Work request:
Omit the pictures, but give back every entry below exactly as written.

§ §

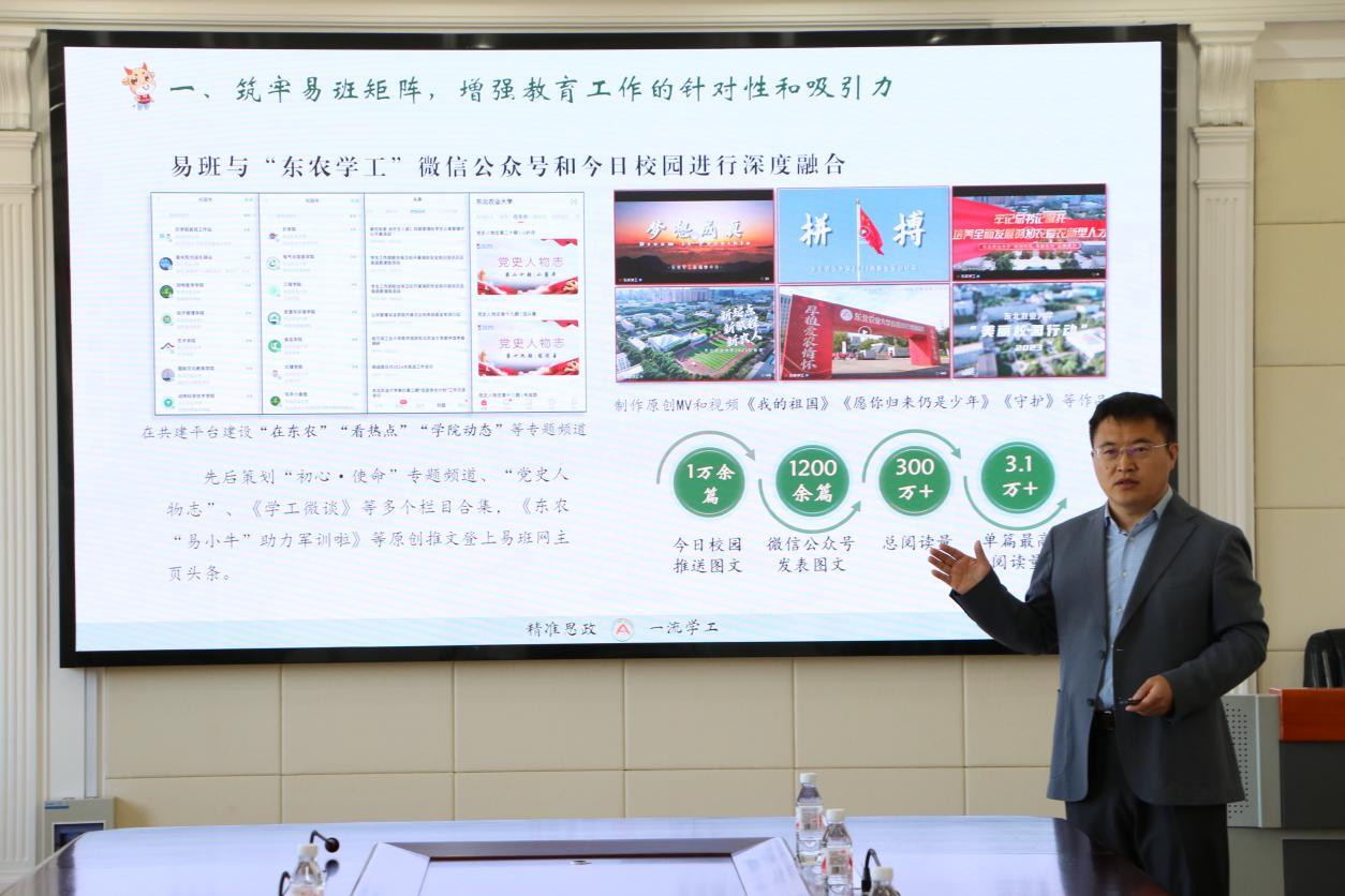 朱明伦对东北农业大学易班建设与大学生网络思政工作取得的成绩表示充分的肯定,介绍了教育部易班建设的背景并解读教育部对做好网络思政工作的相关要求。他强调,学校易班工作站建设要进一步加强网络内容的创新,鼓励师生自主创作优质微电影、动漫、音乐等网络作品;要利用好“青梨派”等高校思政课资源平台,加强网络育人机制的建设;要不断开发和挖掘人工智能赋能思政工作案例,探索实现易班共建新路径。
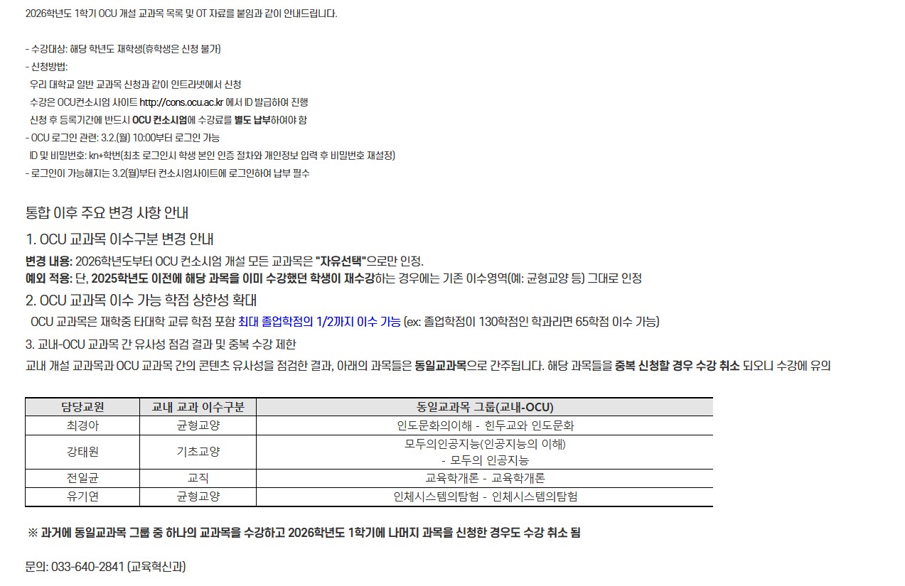 2026학년도 1학기 OCU개설교과목 및 통합 이후 주요 변경 사항 안내
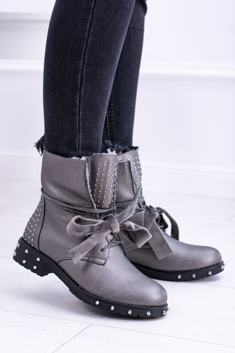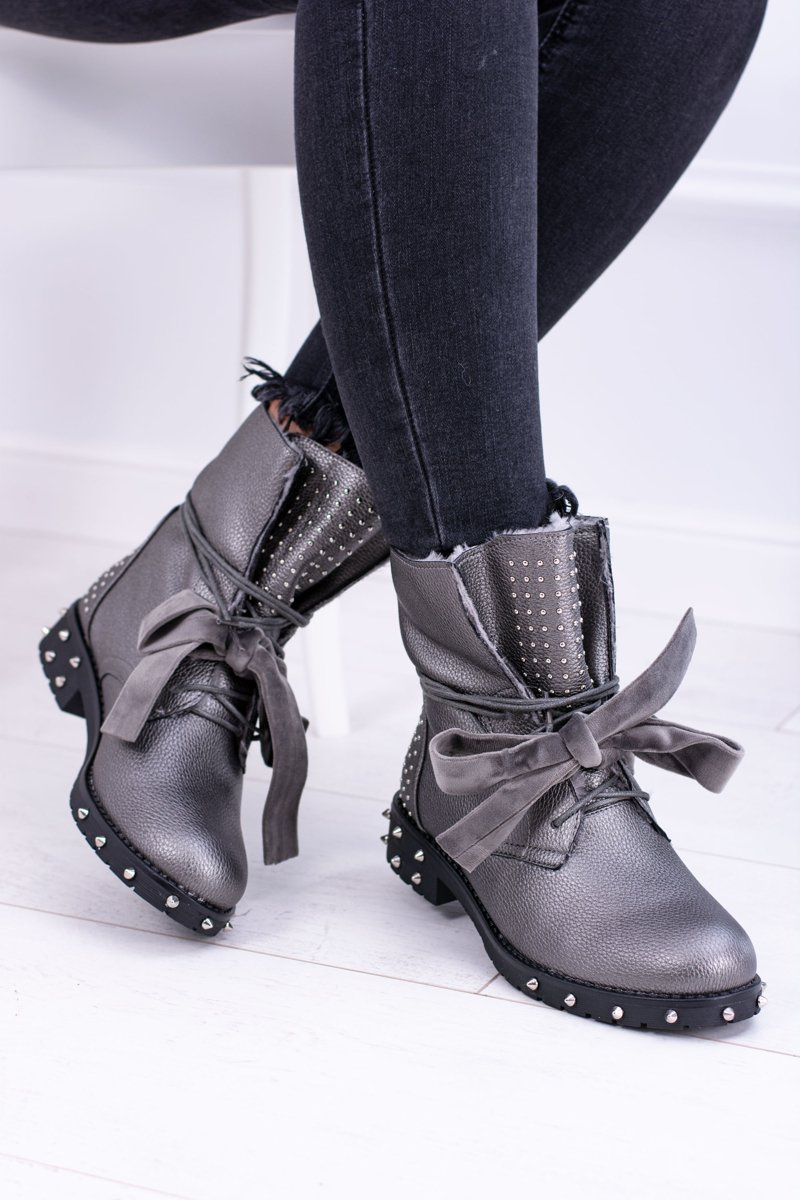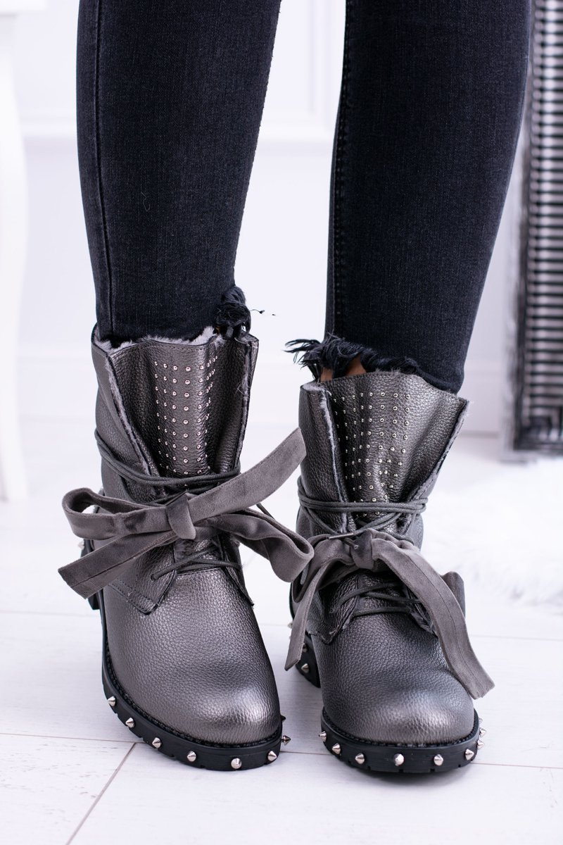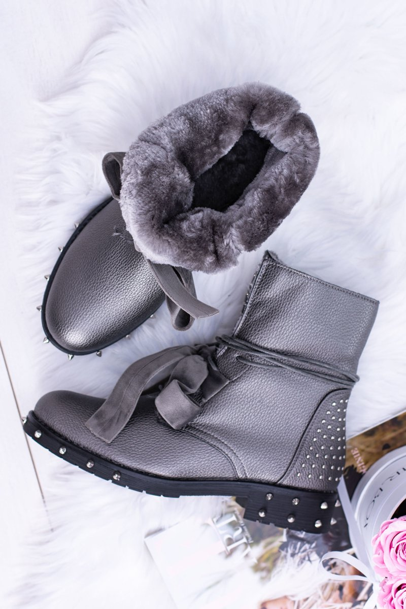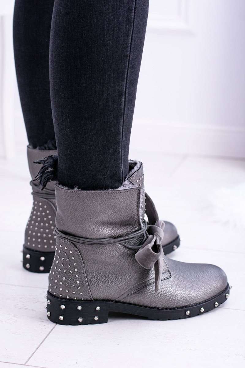 Damskie Botki Ocieplane Z Kolcami i Dżetami Srebrne Neso
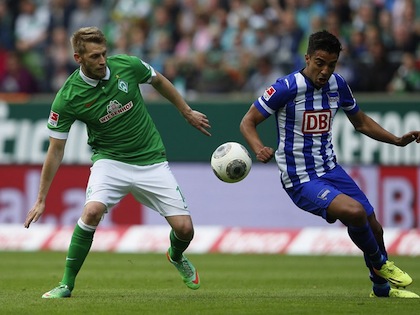 Отборът на Вердер (Бремен) надигра с 2:0 у дома Херта (Берлин) в среща от предпоследния 33-и кръг на германското първенство. Автор и на двете попадения в мача стана Аарон Хънт през второто полувреме. Той откри резултата в 49-ата минута, а в добавеното време "подпечата" победата на тима, воден от Робин Дут.
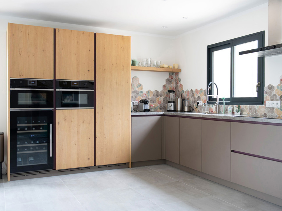 In het verlengde van de living is de moderne keuken. De keuken is compleet ingericht en voorzien van allerlei luxe keukenapparatuur waaronder een wijnklimaatkast.
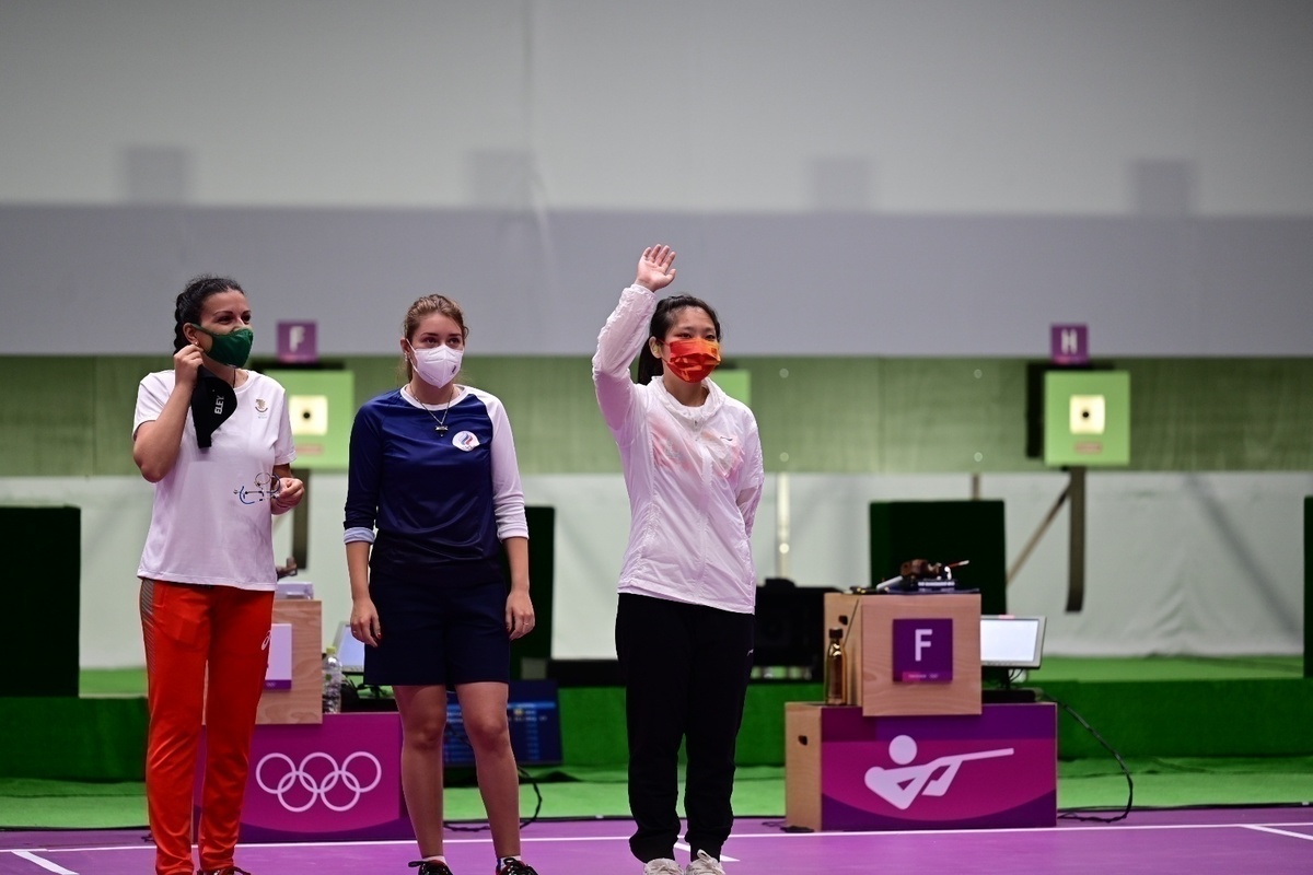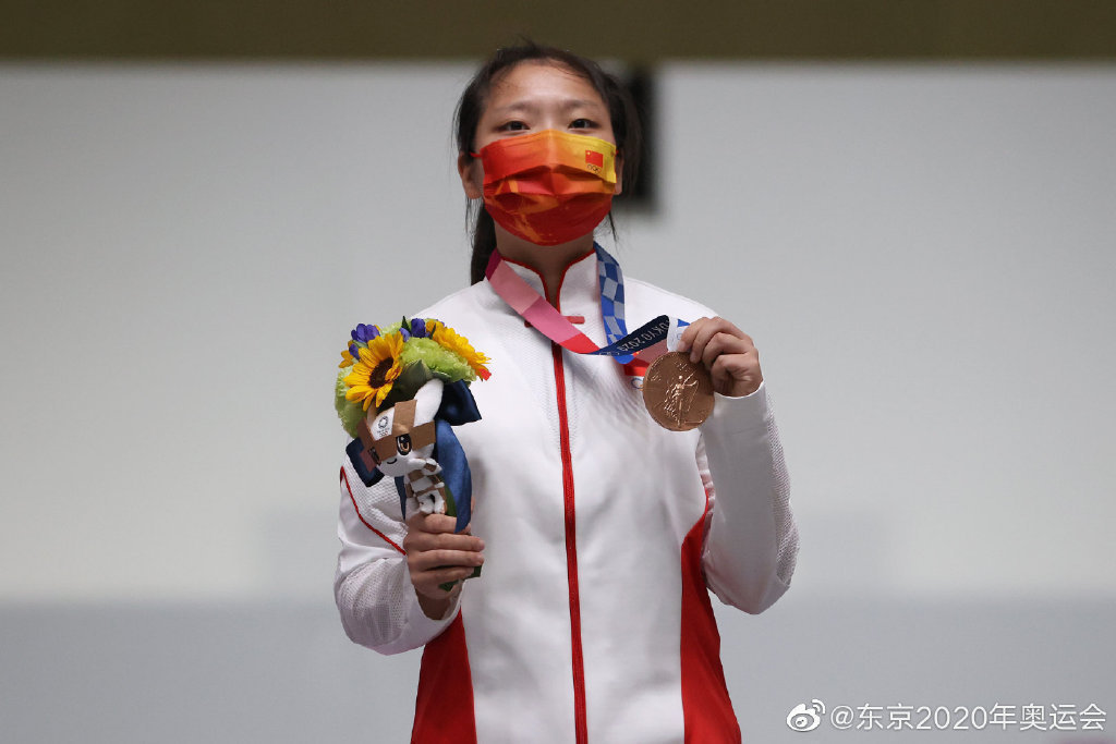 东京奥运会女子十米气手枪决赛中,中国选手姜冉馨以218.0环收获铜牌。
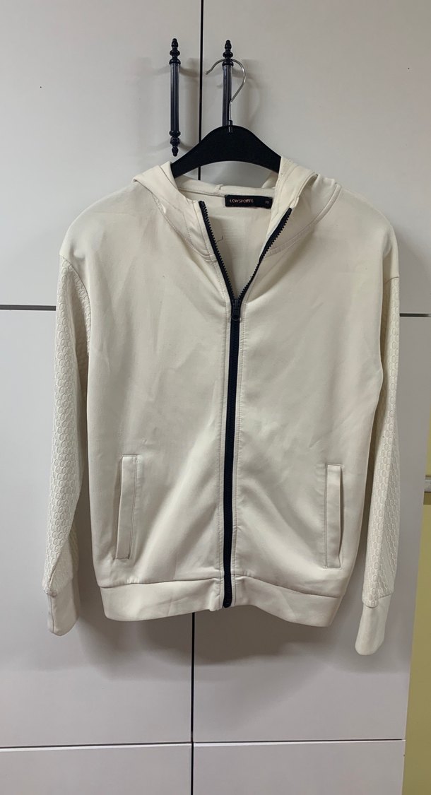 Kadın beyaz fermuarlı ceket, yüksek yakalı ve uzun kolludur. Orta boy, vücuda oturan kesime sahip, yumuşak sentetik kumaştan üretilmiştir.
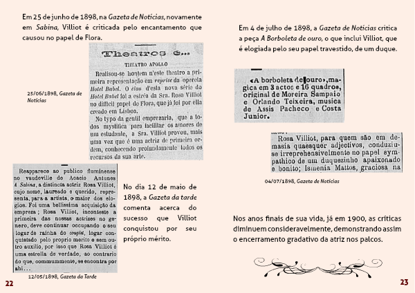 Em 4 de julho de 1898, a Gazeta de Notícias critica a peça A Borboleta de ouro, o que inclui Villiot, que é elogiada pelo seu papel travestido, de um duque.
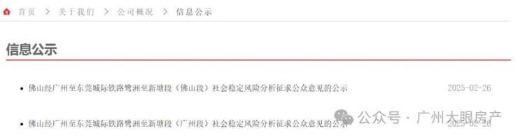 广州地铁官网发布了佛穗莞城际广州段、佛山段的社会稳定风险分析征求公众意见的公示。
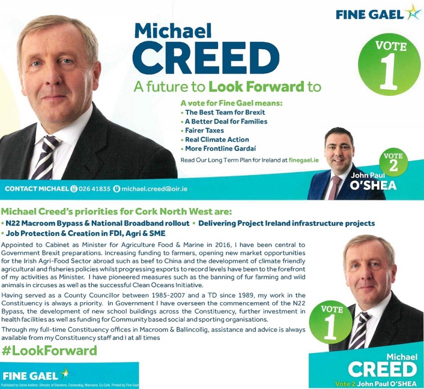 A Leaflet from Michael Creed running for Fine Gael in Cork North West.

§ §

Solution to this task:
 朱明伦对东北农业大学易班建设与大学生网络思政工作取得的成绩表示充分的肯定,介绍了教育部易班建设的背景并解读教育部对做好网络思政工作的相关要求。他强调,学校易班工作站建设要进一步加强网络内容的创新,鼓励师生自主创作优质微电影、动漫、音乐等网络作品;要利用好“青梨派”等高校思政课资源平台,加强网络育人机制的建设;要不断开发和挖掘人工智能赋能思政工作案例,探索实现易班共建新路径。
 2026학년도 1학기 OCU개설교과목 및 통합 이후 주요 변경 사항 안내
 Damskie Botki Ocieplane Z Kolcami i Dżetami Srebrne Neso
 Отборът на Вердер (Бремен) надигра с 2:0 у дома Херта (Берлин) в среща от предпоследния 33-и кръг на германското първенство. Автор и на двете попадения в мача стана Аарон Хънт през второто полувреме. Той откри резултата в 49-ата минута, а в добавеното време "подпечата" победата на тима, воден от Робин Дут.
 In het verlengde van de living is de moderne keuken. De keuken is compleet ingericht en voorzien van allerlei luxe keukenapparatuur waaronder een wijnklimaatkast.
 东京奥运会女子十米气手枪决赛中,中国选手姜冉馨以218.0环收获铜牌。
 Kadın beyaz fermuarlı ceket, yüksek yakalı ve uzun kolludur. Orta boy, vücuda oturan kesime sahip, yumuşak sentetik kumaştan üretilmiştir.
 Em 4 de julho de 1898, a Gazeta de Notícias critica a peça A Borboleta de ouro, o que inclui Villiot, que é elogiada pelo seu papel travestido, de um duque.
 广州地铁官网发布了佛穗莞城际广州段、佛山段的社会稳定风险分析征求公众意见的公示。
 A Leaflet from Michael Creed running for Fine Gael in Cork North West.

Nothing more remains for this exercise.